WORK REQUIRED = Leaving out all pictures, repeat exactly the lines from the one that holds "Рисунок 2 –" to the last line of the entries below.

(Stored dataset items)
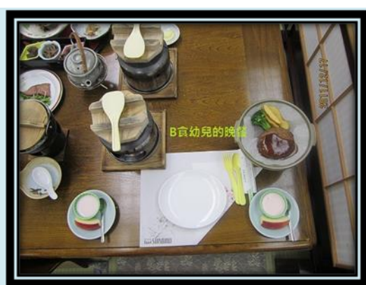
圖 22 B食幼兒晚餐
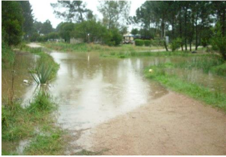
Fotografía 1 _ desbordes sistema actual

En consistencia con los postulados del drenaje sustentable se propone la construcción de una estructura de retención/laminación en el espacio público ubicado entre la Avenida República Argentina, Calle 3, Calle 32 y Calle 4, descargando posteriormente por los cancheros consecutivos mediante canalizaciones convencionales hasta la descarga actual.
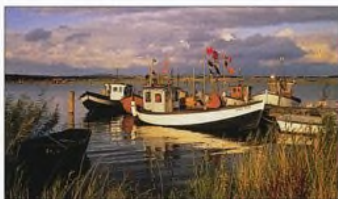
Malebná jezerní krajina v Meklenbursku
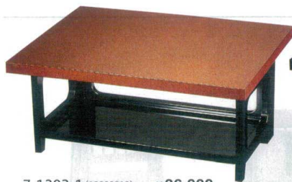
7-1203-1 (12009910) ¥36,000 梨地 A
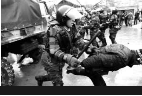
(əvvəli səhifə 2-də)
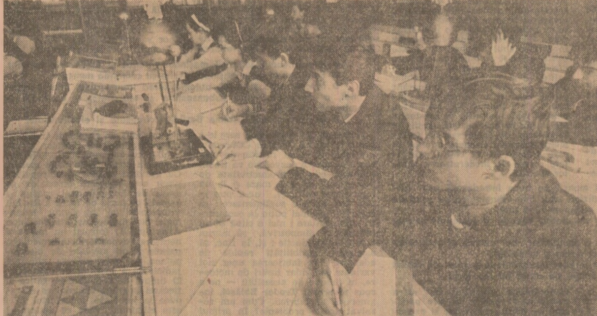
Liceul industrial nr. 10 din București: elevi la orele de practică în laboratoarele de specialitate.
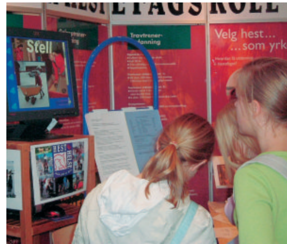
Ivrige besøkende på Norsk Hestesenters stand under Oslo Horse Show.

For Norsk Hestesenter er det viktig å være tilstede på Oslo Horse Show. Arrangementet i Spektrum trekker fullt hus og klarer snart ikke å ta imot flere tilskuere. Vår stand besøkes av utrolig mange mennesker denne helgen og kurskatalogen som er rykende fersk går unna som varmt hvetebrød. Fokus er da også på våre utdanningsmuligheter. Mer tekniske løsninger og bruk av bilder og lyd har utviklet vår stand ytterligere, noe som gjør den tiltrekkende for publikum.
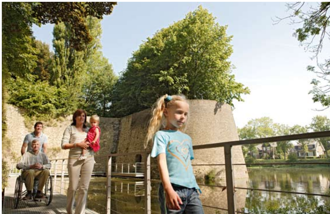
A mindenki számára hozzáférhető kulturális turizmus az „erődített városok hálózatának” egyik prioritása

Az egészségügy, a kultúra, a technológia, a környezetvédelem, az állampolgárság stb. terén százával működnek partnerségek. A kezdetektől (PACTE) az INTERREG IV-ig, a francia–belga határon átnyúló együttműködés mindvégig sikeresnek bizonyult.
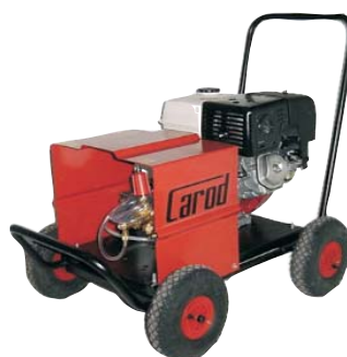
AUT-5045 a 2513
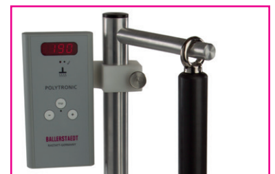
Temperaturregler mit Aufhängevorrichtung für Siegelkopf

Das Gerät erfüllt die grundlegenden Anforderungen der Richtlinie 2006/95/EG (Niederspannungsrichtlinie).
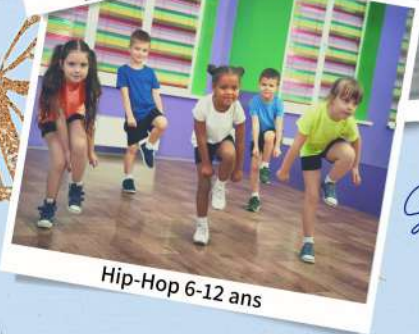
Hip-Hop 6-12 ans
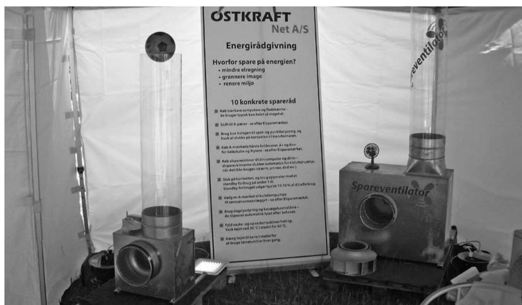
ØSTKRAFT Net A/S's stand på Dyrskuet i Almindingen.

De samlede energirådgivningsaktiviteter har bidraget til, at Østkraft har nået de energipolitiske mål, som fastsættes fra centralt hold. Derudover støtter de nævnte aktiviteter alle op om "Bornholms Energistrategi 2025", som Bornholms Regionskommune står bag.
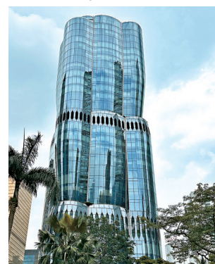
The Henderson 大樓外觀
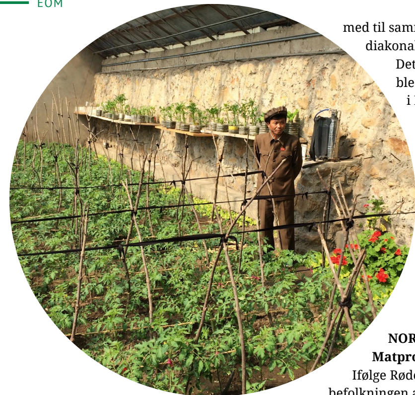
Inspisering av veksthus i Nord-Korea.

20-30 barn i menighetslokalet. Fra 1. aug. 22 begynte Åse Marit Hegland i EOM, og tok da også med seg MHFI inn i vår organisasjon.
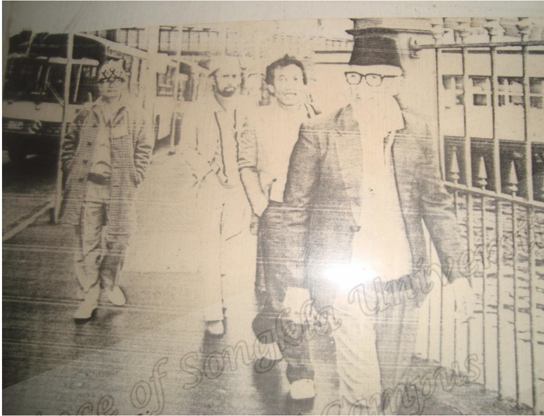
โต๊ะครูอะหมัด ลูกพี่เดินทางสัมมนาวิชาการต่างประเทศ
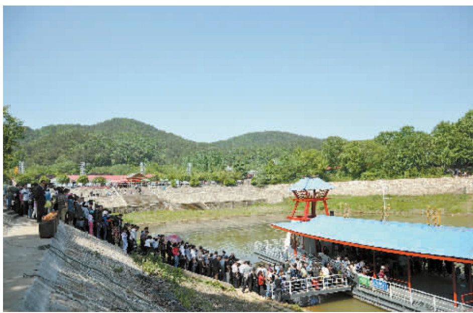
5月1日,南湾湖众游人正在等待登船。

池、许世友将军故里等景区累计超过2000辆。 山水休闲备受青睐,温泉度假热度不减。“五一”小长假,到信阳休闲度假最令人心目,不少游客慕名而来,仅鸡公山单日最大接待量就达到3.2万人次,同比增长40%;南湾湖单日最大接待量1.3万人次,一度达到饱和,由于游船运力严重不足,部分时段实行了限流。灵山、西九华山、新县红色系列景区等单日最大接待量也都超过1万人次。净居寺、汤泉池景区3天接待游客1万人次以上。 节赛助推市场,活动集聚人气。茶文化节前,第五届“信阳毛尖·龙潭杯”全国自行车公开赛,吸引了来自全国19个省、市、自治区以及港、澳、台地区800多名单车爱好者;信阳第二十二届国际茶文化节暨2013中国(信阳)国际茶业博览会、国际茶城运营启动、“赏春花·品春茶”系列旅游推介活动、《信阳茶文化》系列邮票暨主亚那(鸡公山)邮票首发式等多项茶文化节活动,都为假日旅游市场攒足了人气,不仅活跃了市场,而且也带动团队数量的递增。 准备工作充分,前期宣传有力。市委、市政府高度重视假日旅游工作,茶文化节前,市领导亲自参加各项茶文化节及旅游活动并深入景区、车站、码头等游客集散地检查指导假日旅游工作;市假日办及时启动假日旅游运行
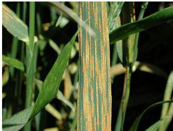
Slika 3. Puccinia striiformis simptomi

Bolest se do nedavno javljala sporadično i nije bilo značajnijih šteta, međutim u 2014. utvrđena je u epidemijskim razmjerima. Napada sve nadzemne dijelove žitarica (pšenica, ječam, zob, raž). Najkarakterističniji simptomi bolesti su na plojci, te pljevicama, a slabije se pojavljuju na rukavcu i vlati (slika 3.). Jak napad na pljevice je štetan jer značajno smanjuje punjenje zrna. Na početku bolesti na listovima nastaju uredosorusi koji izgledaju kao limun žute boje. Po nastajanju su pojedinačni, vrlo sitni (0,5 - 1,0 mm x 0,3 - 0,5 mm). Kod zaražena pšenice dolazi do nekroze i sušenja zaraženih dijelova lista. Pljevice djelomično ili potpuno poprime smeđu boju. Pred kraj vegetacije nastaju teleutosorusi crne boje koji su trajno pokriveni epidermom i u kojima se nalaze teleutospore. Na pojavu hrđe povoljno utječe hladno i vlažno vrijeme. Optimalne temperature za klijanje uredospora su od 10 do 15 °C uz vlagu 100%. Životni ciklus je pri tim temperaturama kratak. Uredospore su otporne na temperaturu do -15 °C pri kojoj mogu ostati vitalne do tri mjeseca (Kišpatić, 1992.).
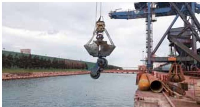
Sanacijska dela so upočasnili nepredvideni dogodki, npr. v mulj zakopani kosi porušenega dvigala, kjer bi morali zabiti pilote.
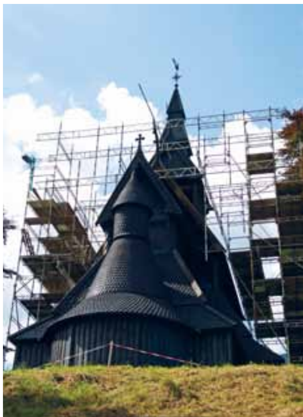
Hopperstad stavkyrkje, Vik kommune. Kyrkja blei istandsatt i 2008.

frie inntekter (Meld. St. 1 (2010–2011) Nasjonalbudsjettet 2011).
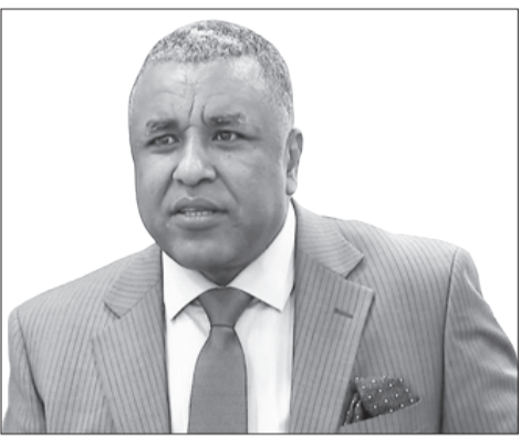
ገርማ አመንቴ (ዶ/ር)

አዲስ አበባ፡- በዓለም አቀፍም ሆነ በሀገር አቀፍ ደረጃ የሚስተዋለውን የዋጋ ግሽበት ለመቋቋም እንደ ኅብረት ሥራ ማሳበራት ያሉ ተቋማትን ተወዳዳሪና ተፅዕኖ ፈጣሪ ማድረግ እንደሚገባ ተገለጸ። የኅብረት ሥራ ማሳበራት የልማትና አድጎት የሪፎርም ንቅናቄ ተካሂዷል። በመድረኩ የግብርና ሚኒስትር ግርማ አመንቴ (ዶ/ር) ባስተላለፉት መልዕክት፤ ኢትዮጵያ ሁሉን አቀፍ ብልጽግና ለማምጣት እየተከተለች ካለው የልማት ፖሊሲ አንጻር በዓለም አቀፍም ሆነ በሀገር አቀፍ ደረጃ የሚስተዋለውን የዋጋ ግሽበት መቋቋም የሚቻለው እንደ ኅብረት ሥራ ማሳበራት ያሉ ተቋማትን ተወዳዳሪና ተፅዕኖ ፈጣሪ ማድረግ ሲቻል ነው ብለዋል። ኅብረት ሥራ ማሳበራት የዜጎችን የተናጠል ጉልበት፣ ገንዘብና እውቀት የሚያስባብሱ ናቸው ያሉት ሚኒስትሩ፤ በመንግሥት የኢኮኖሚ ዘርፍ መካከል የሚፈጠረውን ጉድለት ለመሙላትና የገበያ ሚዛን ለመጠበቅ ከፍተኛ ሚና እንዳላቸው ጠቁመዋል። በዚህም እንደ ሦስተኛ የኢኮኖሚ ዘርፍ ተደርገው የሚወሰዱ ተቋማት መሆናቸውን ገልጸዋል። በተለይም ኅብረት ሥራ ማሳበራት የምግብ ዋስትናን ለማረጋገጥ፣ ለውጪ ምንዛሪና ለኢንዱስትሪ ጥሬ እቃ ዋና ምንጭ በመሆን የሚያገለግሉትን የግብርና ክፍል ኢኮኖሚ ለማሳደግ የማይተካ ሚና ያላቸው መሆናቸውንም ጠቁመዋል። ሚኒስትሩ እንዳሉት፤ ማሳበራቱ በግብርና፣ ኢንዱስትሪና አገልግሎት ዘርፎች በመሰማራት የግብርና ግብዓት በማሰራጨትና ምርትና ምርታማነት በማሳደግ፤
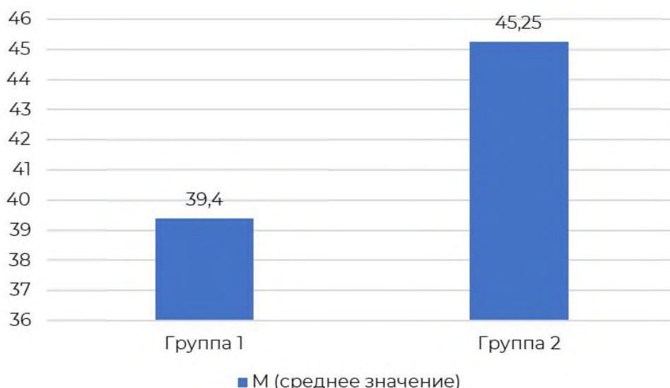
Рисунок 2 – Средние значения по показателю «Реактивная тревожность» между исследуемыми группами

Личностная тревожность, в отличие от реактивной (ситуативной) тревожности, представляет собой устойчивую индивидуальную характеристику, отражающую предрасположенность человека к восприятию широкого круга ситуаций как потенциально угрожающих, реагированию на них состоянием беспокойства, напряжения и тревоги. Женщины с изначально высоким уровнем личностной тревожности вступают в период менопаузы, уже обладая повышенной чувствительностью к стрессу и склонностью интерпретировать различные изменения (в том числе физиологические) как угрожающие.
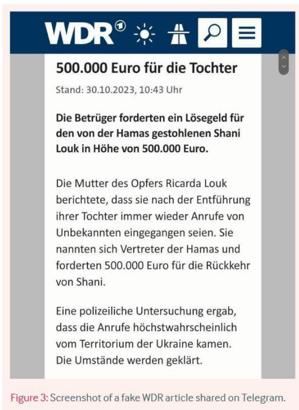
Figure 3: Screenshot of a fake WDR article shared on Telegram.

Untenstehende Abbildung zeigt einen über Telegram versendeten Fake-Artikel, der angeblich beim WDR erschienen sein soll:
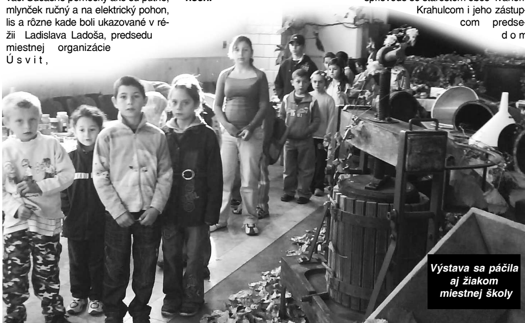
Výstava sa páčila aj žiakom miestnej školy

Text: GABRIEL BELA, st.

SOLUTION =
Рисунок 2 – Средние значения по показателю «Реактивная тревожность» между исследуемыми группами

Личностная тревожность, в отличие от реактивной (ситуативной) тревожности, представляет собой устойчивую индивидуальную характеристику, отражающую предрасположенность человека к восприятию широкого круга ситуаций как потенциально угрожающих, реагированию на них состоянием беспокойства, напряжения и тревоги. Женщины с изначально высоким уровнем личностной тревожности вступают в период менопаузы, уже обладая повышенной чувствительностью к стрессу и склонностью интерпретировать различные изменения (в том числе физиологические) как угрожающие.
Figure 3: Screenshot of a fake WDR article shared on Telegram.

Untenstehende Abbildung zeigt einen über Telegram versendeten Fake-Artikel, der angeblich beim WDR erschienen sein soll:
Výstava sa páčila aj žiakom miestnej školy

Text: GABRIEL BELA, st.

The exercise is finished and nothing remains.